But you're taxed on net revenue, not gross revenue, right?Once again, you just don't understand that many small businesses are taxed as personal income. Yes, corporations get taxed separately from personal income, but all businesses are not corporations.
In the example you gave before, you had a small business person with $1 million in revenues, but personally living on less than $100,000 a year. His personal income tax burden would be closer to a $100,000/year income than $1 million/year, right?
Now... I know that it's hard to do an apples-to-apples comparison, because if he set the business up as a corporation, the company would probably be paying taxes itself, but with a sole proprietorship model, those taxes get paid by the business owner.
So, I would expect that the taxes for that small business person would be around the total of:
- the normal personal income taxes on $100,000/year
- the corporate income taxes on a $1m/year company
Is this not the case?
Also, I'm not sure what point you're trying to make by pointing out that not all businesses are corporations.
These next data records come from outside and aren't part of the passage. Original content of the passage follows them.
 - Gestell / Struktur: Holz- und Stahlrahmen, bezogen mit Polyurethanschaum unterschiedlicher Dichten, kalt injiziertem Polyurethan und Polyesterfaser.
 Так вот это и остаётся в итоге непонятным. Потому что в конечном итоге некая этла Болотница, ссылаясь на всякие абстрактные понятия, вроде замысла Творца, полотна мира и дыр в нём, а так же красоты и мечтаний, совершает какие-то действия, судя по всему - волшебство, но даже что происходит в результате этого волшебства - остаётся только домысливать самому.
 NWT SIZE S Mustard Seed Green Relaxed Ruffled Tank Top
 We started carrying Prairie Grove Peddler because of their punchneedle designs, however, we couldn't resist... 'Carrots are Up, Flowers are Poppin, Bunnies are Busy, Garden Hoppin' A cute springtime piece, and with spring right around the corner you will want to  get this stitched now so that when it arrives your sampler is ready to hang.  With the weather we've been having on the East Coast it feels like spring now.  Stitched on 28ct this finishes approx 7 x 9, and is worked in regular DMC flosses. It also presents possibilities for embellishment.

If an entrepreneur is operating under one business structure while he could choose to lower his tax burden by adopting a different business structure, the fact that he doesn't do this isn't the government's problem, is it?
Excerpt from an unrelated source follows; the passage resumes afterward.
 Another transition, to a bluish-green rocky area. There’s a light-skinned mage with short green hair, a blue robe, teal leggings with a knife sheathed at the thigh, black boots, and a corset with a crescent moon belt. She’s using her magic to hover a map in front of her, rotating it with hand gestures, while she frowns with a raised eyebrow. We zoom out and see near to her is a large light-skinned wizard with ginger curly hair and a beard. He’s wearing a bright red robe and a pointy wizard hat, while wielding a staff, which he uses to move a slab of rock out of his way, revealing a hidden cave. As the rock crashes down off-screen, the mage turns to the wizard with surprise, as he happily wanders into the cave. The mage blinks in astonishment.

If your tax burden is the limiting factor on your growth in your case, fair enough, but I don't think this is true across the board.What it boils down to, the more money the government takes, the less I have to invest. The less money I have to invest, the less money I make AND THE LESS PEOPLE I EMPLOY!
I know several businesses where the limiting factor on hiring right now is that there just isn't any more work to be had. Now, if they fight hard enough, they might be able to snatch projects away from other companies, but that just moves the jobs from one bin to another; it doesn't actually create any new jobs in the system.
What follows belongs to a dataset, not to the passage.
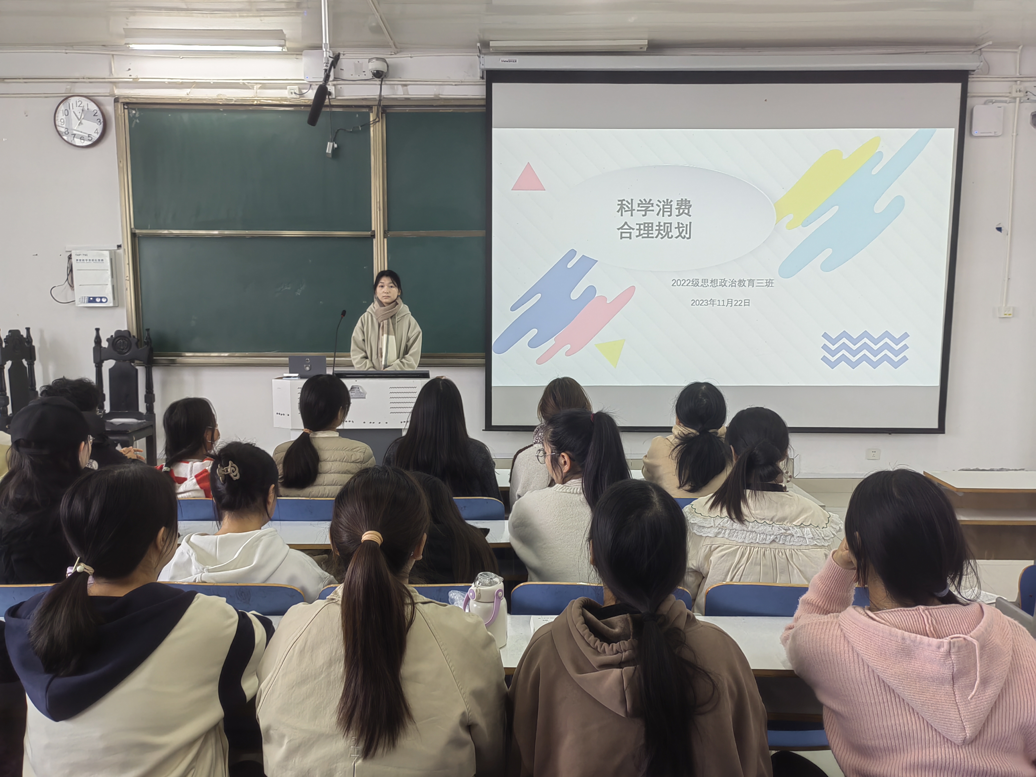 为引导学生树立科学的消费观,11月22日上午,太阳集团tyc59972022级思想政治教育三班在社科楼514教室召开“科学消费,合理规划”主题班会。我院2022级思想政治教育三班全体成员共同参加本次班会,班会由心理委员张韶涵主持。

I guess what I'm getting at is that your argument that business taxes reduce the ability of business to grow is inherently based on the idea that growth is limited on the supply side. However, I think there are a ton of limits on the demand side as well (case in point: the problems you described with non-paying customers).
Which one is the controlling factor? It probably varies from industry to industry... but in cases where growth is already capped out based on demand-side restrictions (e.g. there are only so many people with the ready cash for your product or service), then I could see situations where taxation doesn't reduce growth, because it doesn't limit growth any more than the constraints already in place.
I mean, say only 100 people in town can afford to buy a hot water heater this year and you already have the staff to handle this, you're not going to hire any more hot water heater installers regardless of what your tax rate is.